> **WHAT TO PRODUCE**: Starting with the line that has "Determinación hecha siguiendo" and finishing with the line that has "Terminando de fazer", set down each line below exactly. Pictures are not copied.

> **DATA FOR THIS TASK**:
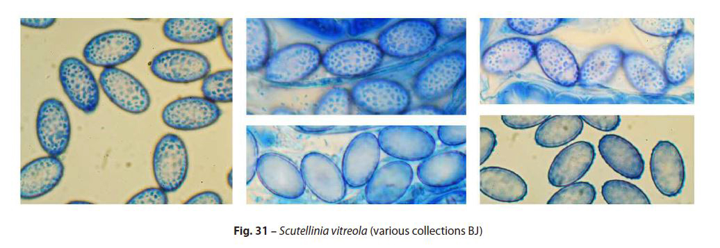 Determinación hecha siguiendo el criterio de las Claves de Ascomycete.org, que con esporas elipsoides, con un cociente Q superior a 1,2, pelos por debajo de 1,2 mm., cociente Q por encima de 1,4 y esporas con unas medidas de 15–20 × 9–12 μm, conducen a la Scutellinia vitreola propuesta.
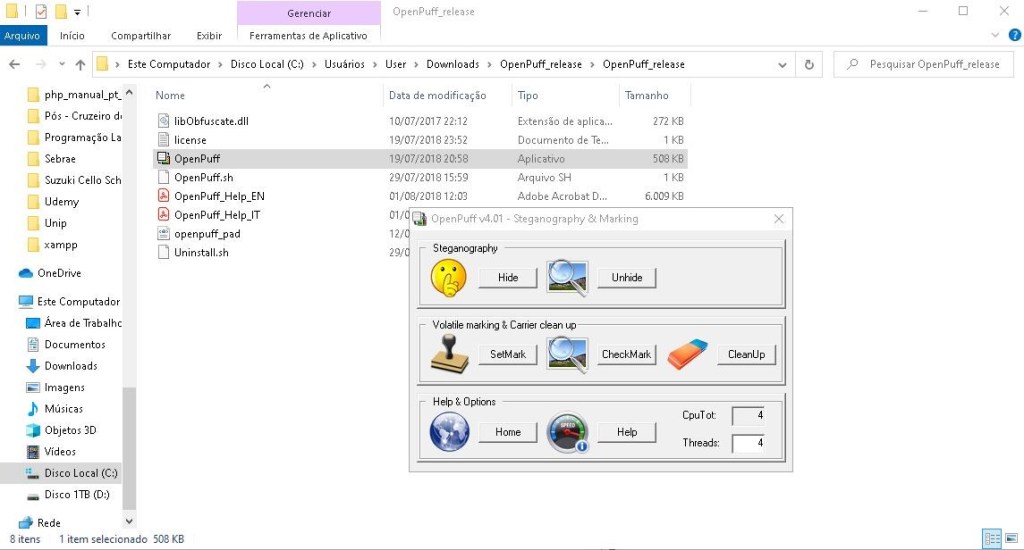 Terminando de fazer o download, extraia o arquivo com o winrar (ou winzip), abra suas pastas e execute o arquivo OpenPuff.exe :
---
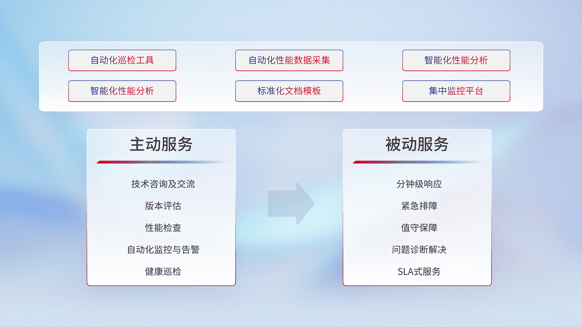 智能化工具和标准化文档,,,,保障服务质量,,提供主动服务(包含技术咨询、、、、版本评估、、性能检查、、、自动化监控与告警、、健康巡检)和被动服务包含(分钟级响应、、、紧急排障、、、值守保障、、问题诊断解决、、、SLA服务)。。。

> **THE ANSWER**:
 Determinación hecha siguiendo el criterio de las Claves de Ascomycete.org, que con esporas elipsoides, con un cociente Q superior a 1,2, pelos por debajo de 1,2 mm., cociente Q por encima de 1,4 y esporas con unas medidas de 15–20 × 9–12 μm, conducen a la Scutellinia vitreola propuesta.
 Terminando de fazer o download, extraia o arquivo com o winrar (ou winzip), abra suas pastas e execute o arquivo OpenPuff.exe :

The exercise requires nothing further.